#### Prompt:
In the listing below, the answer starts at the line that has "Ušľachtilá textilná stojaca" and stops after the line that has "El responsable del"; please repeat that part exactly and nothing more.

#### Extracted information:
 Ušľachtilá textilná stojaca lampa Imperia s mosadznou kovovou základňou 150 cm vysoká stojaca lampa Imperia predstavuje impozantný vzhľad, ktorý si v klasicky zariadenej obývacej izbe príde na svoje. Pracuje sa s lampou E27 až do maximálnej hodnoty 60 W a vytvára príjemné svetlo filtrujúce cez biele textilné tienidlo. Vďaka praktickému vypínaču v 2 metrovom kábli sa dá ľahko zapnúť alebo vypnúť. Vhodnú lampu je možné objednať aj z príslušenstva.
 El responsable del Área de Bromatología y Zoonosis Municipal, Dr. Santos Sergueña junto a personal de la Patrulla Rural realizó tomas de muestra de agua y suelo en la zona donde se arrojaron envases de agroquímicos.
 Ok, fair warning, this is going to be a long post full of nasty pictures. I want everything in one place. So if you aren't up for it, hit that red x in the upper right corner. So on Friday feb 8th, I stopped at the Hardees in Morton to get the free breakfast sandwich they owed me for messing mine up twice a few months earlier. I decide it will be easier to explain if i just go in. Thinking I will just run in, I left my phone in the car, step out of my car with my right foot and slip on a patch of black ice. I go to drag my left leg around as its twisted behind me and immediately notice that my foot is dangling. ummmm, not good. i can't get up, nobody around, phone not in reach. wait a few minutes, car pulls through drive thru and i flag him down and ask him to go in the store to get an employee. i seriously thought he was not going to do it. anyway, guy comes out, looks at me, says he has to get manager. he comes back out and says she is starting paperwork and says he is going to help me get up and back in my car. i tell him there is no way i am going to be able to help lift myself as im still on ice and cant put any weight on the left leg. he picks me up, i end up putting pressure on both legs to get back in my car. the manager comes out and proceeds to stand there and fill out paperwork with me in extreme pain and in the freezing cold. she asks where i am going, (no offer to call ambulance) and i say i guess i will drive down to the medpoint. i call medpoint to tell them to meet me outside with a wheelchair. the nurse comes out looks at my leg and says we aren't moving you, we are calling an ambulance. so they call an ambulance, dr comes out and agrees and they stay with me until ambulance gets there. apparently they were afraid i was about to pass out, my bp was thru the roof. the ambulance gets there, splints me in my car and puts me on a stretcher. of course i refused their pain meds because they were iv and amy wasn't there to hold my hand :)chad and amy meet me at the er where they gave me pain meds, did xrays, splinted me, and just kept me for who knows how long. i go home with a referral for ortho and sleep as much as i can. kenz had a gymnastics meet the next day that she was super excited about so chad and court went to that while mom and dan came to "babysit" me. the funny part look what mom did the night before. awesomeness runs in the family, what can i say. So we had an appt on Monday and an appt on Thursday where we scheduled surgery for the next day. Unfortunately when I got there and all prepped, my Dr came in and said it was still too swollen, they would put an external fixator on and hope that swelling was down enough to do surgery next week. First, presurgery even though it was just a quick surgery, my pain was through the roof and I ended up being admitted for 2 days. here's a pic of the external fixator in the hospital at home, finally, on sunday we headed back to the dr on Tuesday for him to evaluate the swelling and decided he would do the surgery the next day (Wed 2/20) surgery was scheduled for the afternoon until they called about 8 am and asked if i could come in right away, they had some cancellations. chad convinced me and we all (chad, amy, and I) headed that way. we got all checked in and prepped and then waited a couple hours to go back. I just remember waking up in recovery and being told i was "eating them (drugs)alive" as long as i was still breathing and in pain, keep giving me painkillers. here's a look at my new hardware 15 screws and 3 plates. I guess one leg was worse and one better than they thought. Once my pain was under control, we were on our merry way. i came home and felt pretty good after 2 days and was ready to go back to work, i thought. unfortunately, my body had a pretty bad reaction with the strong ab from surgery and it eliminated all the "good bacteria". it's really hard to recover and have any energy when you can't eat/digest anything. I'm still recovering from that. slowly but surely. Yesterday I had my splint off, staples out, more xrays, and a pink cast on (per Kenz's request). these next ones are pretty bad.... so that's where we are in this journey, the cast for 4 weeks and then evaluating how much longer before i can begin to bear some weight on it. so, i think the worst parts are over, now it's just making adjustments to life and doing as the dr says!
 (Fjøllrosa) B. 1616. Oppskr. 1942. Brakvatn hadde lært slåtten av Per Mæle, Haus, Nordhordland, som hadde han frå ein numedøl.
...
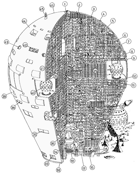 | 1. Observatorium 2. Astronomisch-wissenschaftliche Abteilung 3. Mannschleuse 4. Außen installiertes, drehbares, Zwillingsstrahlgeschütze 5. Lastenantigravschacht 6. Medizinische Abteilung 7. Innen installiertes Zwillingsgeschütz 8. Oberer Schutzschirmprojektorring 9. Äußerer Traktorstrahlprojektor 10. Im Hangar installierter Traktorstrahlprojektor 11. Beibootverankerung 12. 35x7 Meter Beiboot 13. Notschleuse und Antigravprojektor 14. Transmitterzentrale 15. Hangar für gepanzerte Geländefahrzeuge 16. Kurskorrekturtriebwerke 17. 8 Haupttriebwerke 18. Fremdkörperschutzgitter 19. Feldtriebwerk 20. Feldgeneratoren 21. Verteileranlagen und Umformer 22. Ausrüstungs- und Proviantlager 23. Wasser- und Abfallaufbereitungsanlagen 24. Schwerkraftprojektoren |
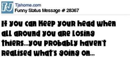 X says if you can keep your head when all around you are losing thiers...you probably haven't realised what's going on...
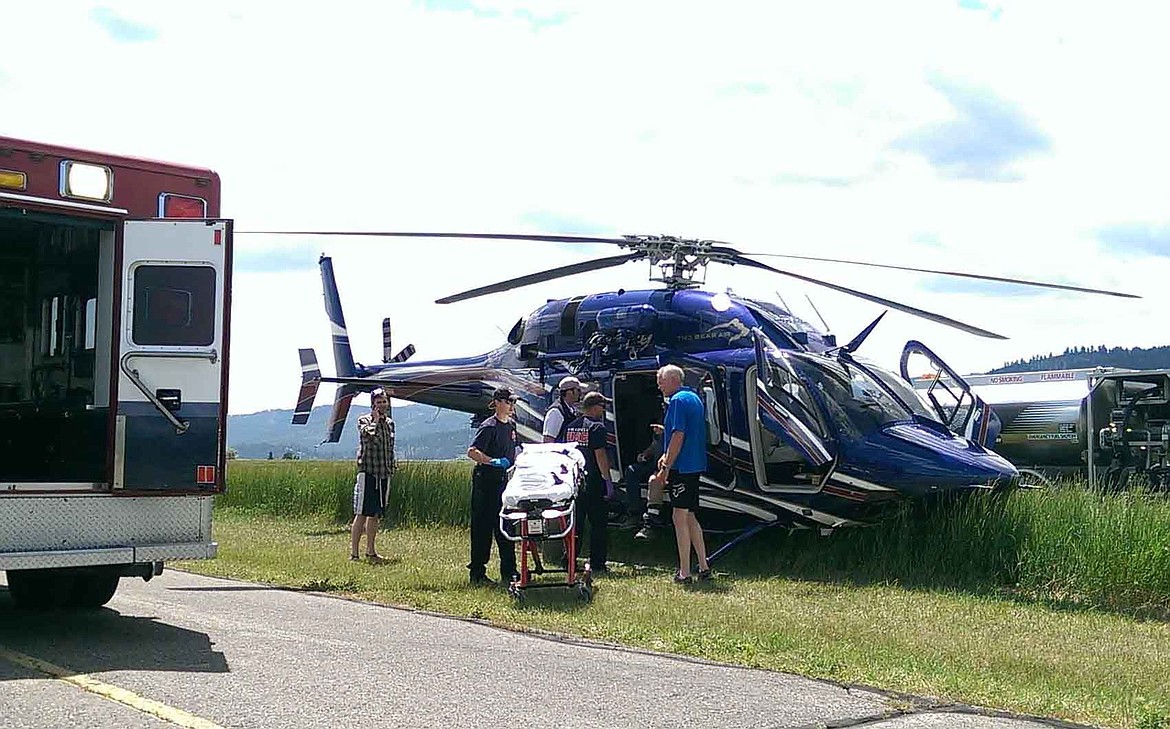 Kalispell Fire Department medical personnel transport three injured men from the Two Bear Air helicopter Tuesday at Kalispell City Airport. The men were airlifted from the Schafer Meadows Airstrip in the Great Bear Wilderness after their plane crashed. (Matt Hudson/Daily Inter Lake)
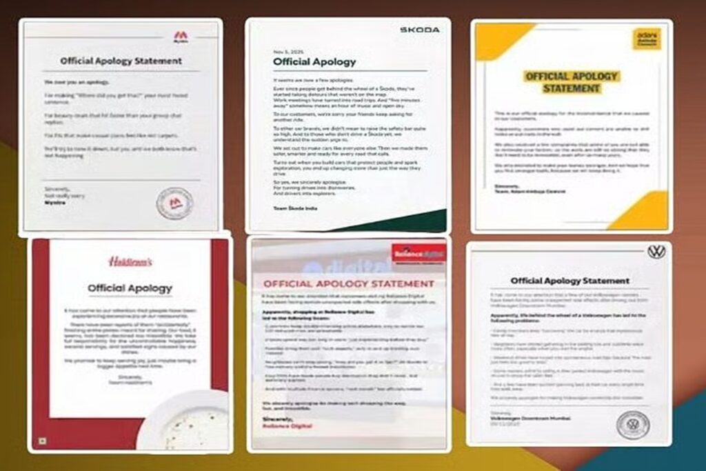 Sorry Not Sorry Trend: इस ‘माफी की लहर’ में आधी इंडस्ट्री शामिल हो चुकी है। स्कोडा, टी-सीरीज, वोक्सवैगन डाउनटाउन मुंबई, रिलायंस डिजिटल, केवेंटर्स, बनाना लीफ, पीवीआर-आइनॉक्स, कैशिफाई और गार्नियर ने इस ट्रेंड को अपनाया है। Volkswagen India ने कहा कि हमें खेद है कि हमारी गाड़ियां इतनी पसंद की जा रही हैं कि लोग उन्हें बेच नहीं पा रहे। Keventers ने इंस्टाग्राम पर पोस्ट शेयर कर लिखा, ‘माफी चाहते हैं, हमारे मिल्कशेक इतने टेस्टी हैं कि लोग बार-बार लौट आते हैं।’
...
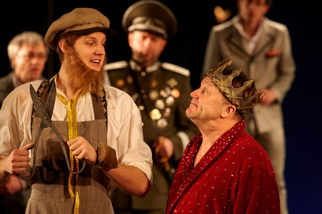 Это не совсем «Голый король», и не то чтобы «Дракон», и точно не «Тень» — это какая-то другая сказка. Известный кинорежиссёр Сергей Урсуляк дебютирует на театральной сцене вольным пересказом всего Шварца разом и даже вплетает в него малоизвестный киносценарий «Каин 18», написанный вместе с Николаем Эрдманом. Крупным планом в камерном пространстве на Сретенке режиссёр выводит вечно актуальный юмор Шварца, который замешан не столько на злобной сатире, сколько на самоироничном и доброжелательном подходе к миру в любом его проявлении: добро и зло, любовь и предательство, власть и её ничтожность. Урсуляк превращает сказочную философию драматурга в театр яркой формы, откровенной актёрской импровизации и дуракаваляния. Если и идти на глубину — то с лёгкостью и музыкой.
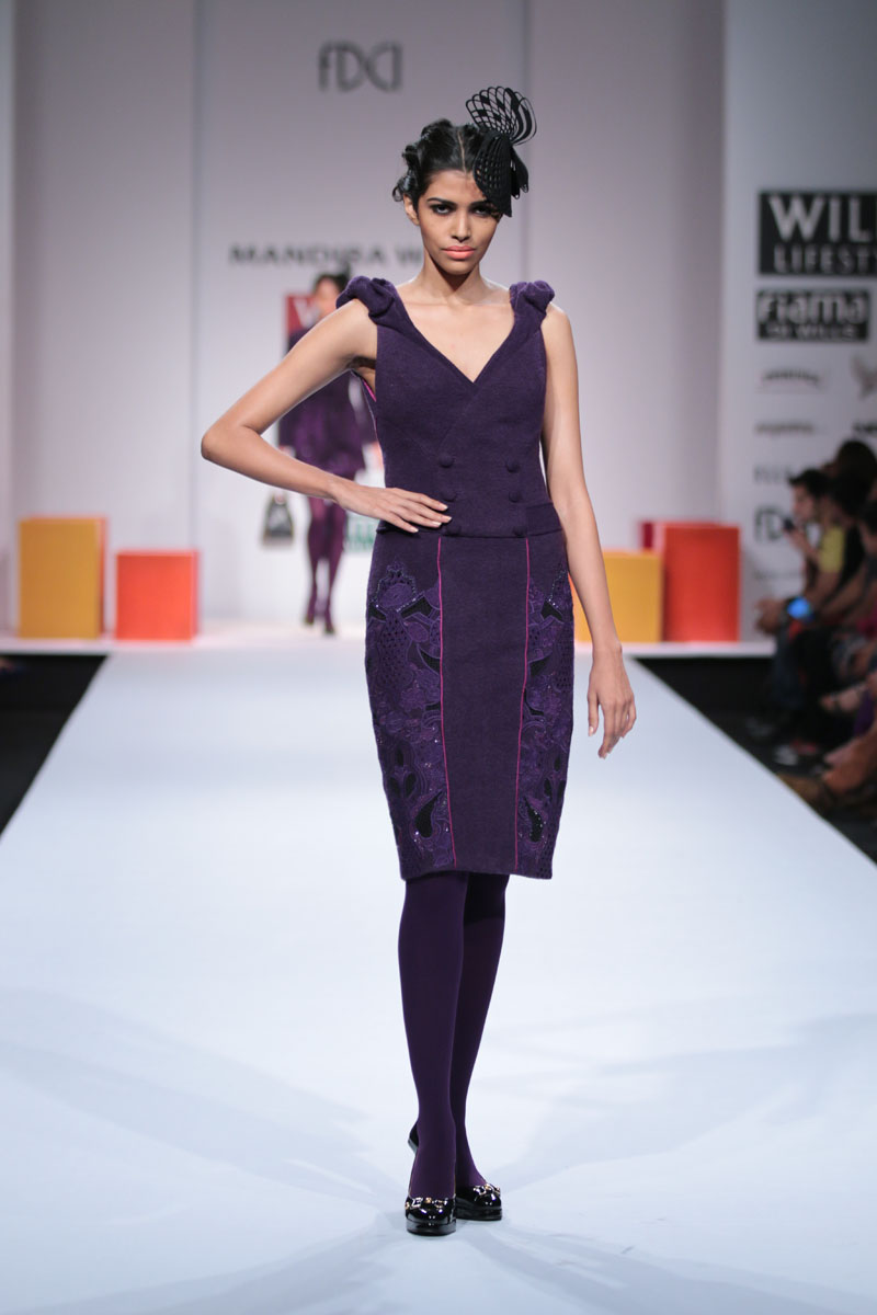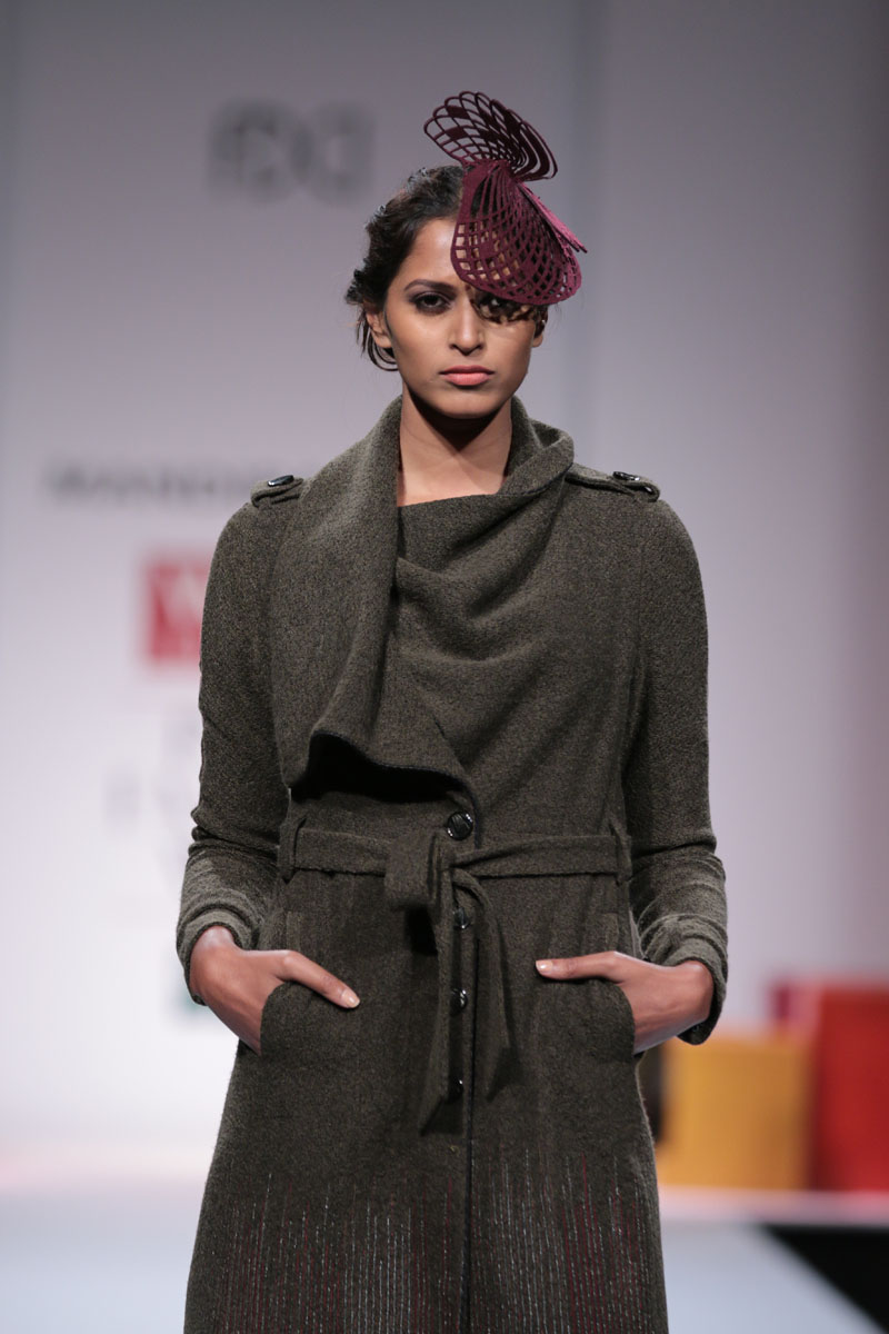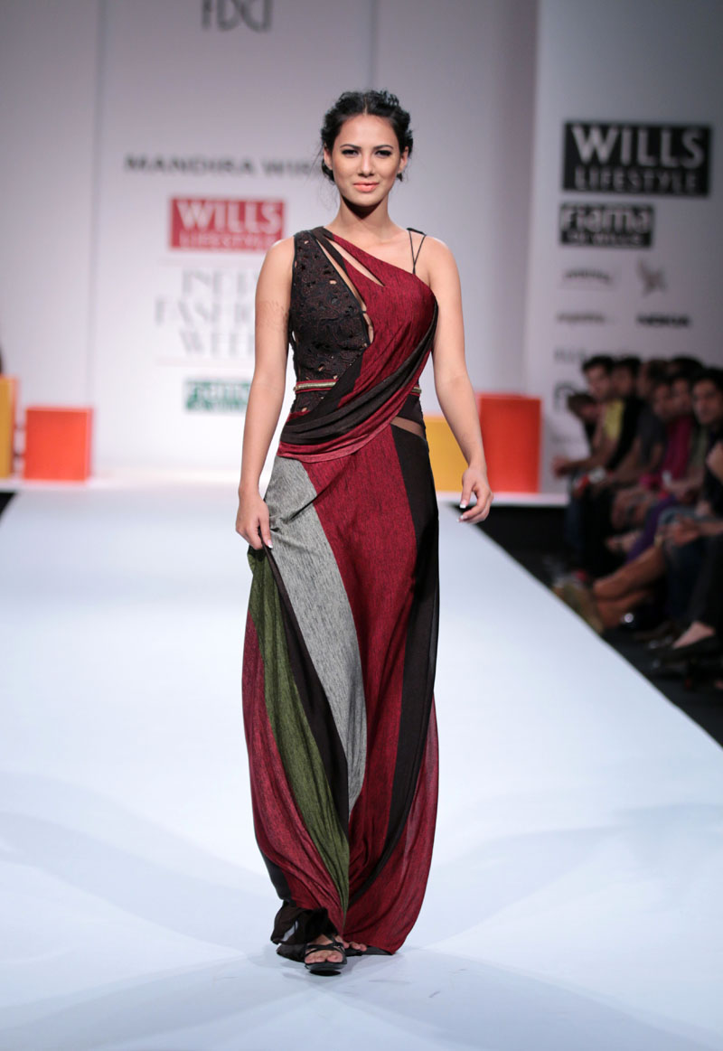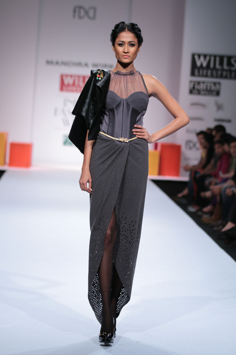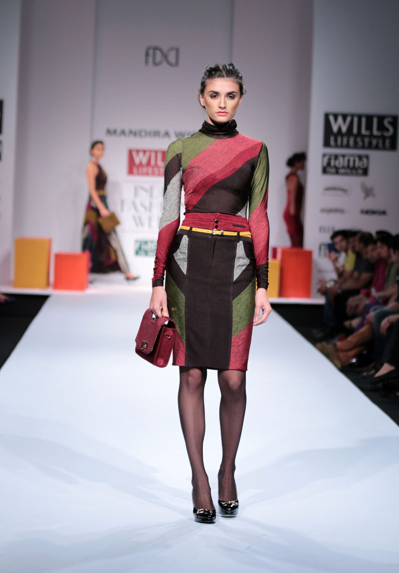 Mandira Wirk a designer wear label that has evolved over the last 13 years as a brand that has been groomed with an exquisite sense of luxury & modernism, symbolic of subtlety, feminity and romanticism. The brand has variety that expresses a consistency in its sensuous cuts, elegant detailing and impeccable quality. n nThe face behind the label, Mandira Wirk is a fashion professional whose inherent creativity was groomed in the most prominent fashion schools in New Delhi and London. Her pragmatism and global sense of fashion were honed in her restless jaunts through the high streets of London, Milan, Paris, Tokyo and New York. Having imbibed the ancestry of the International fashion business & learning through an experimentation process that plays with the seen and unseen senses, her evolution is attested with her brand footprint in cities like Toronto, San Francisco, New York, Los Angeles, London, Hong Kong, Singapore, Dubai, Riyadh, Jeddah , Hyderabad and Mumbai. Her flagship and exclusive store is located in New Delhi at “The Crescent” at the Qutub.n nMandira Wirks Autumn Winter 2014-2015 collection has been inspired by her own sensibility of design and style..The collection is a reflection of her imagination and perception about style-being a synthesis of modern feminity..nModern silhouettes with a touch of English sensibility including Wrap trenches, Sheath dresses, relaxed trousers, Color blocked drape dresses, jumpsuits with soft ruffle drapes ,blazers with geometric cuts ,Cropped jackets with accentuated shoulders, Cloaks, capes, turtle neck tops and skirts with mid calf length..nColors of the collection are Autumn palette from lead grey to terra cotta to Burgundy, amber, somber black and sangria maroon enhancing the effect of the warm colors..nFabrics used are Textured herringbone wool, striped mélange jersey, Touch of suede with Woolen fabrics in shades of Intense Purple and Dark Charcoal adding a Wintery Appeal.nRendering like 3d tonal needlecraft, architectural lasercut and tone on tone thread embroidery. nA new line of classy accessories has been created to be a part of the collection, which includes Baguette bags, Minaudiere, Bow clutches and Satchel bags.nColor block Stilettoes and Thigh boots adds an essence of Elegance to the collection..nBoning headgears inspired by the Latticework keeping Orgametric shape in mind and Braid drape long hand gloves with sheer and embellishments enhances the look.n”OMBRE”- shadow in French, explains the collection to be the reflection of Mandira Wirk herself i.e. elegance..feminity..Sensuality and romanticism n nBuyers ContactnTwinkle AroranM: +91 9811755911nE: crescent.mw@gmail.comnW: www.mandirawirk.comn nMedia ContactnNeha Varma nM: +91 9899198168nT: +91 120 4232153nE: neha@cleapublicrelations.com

#### Exercise solution:
 Ušľachtilá textilná stojaca lampa Imperia s mosadznou kovovou základňou 150 cm vysoká stojaca lampa Imperia predstavuje impozantný vzhľad, ktorý si v klasicky zariadenej obývacej izbe príde na svoje. Pracuje sa s lampou E27 až do maximálnej hodnoty 60 W a vytvára príjemné svetlo filtrujúce cez biele textilné tienidlo. Vďaka praktickému vypínaču v 2 metrovom kábli sa dá ľahko zapnúť alebo vypnúť. Vhodnú lampu je možné objednať aj z príslušenstva.
 El responsable del Área de Bromatología y Zoonosis Municipal, Dr. Santos Sergueña junto a personal de la Patrulla Rural realizó tomas de muestra de agua y suelo en la zona donde se arrojaron envases de agroquímicos.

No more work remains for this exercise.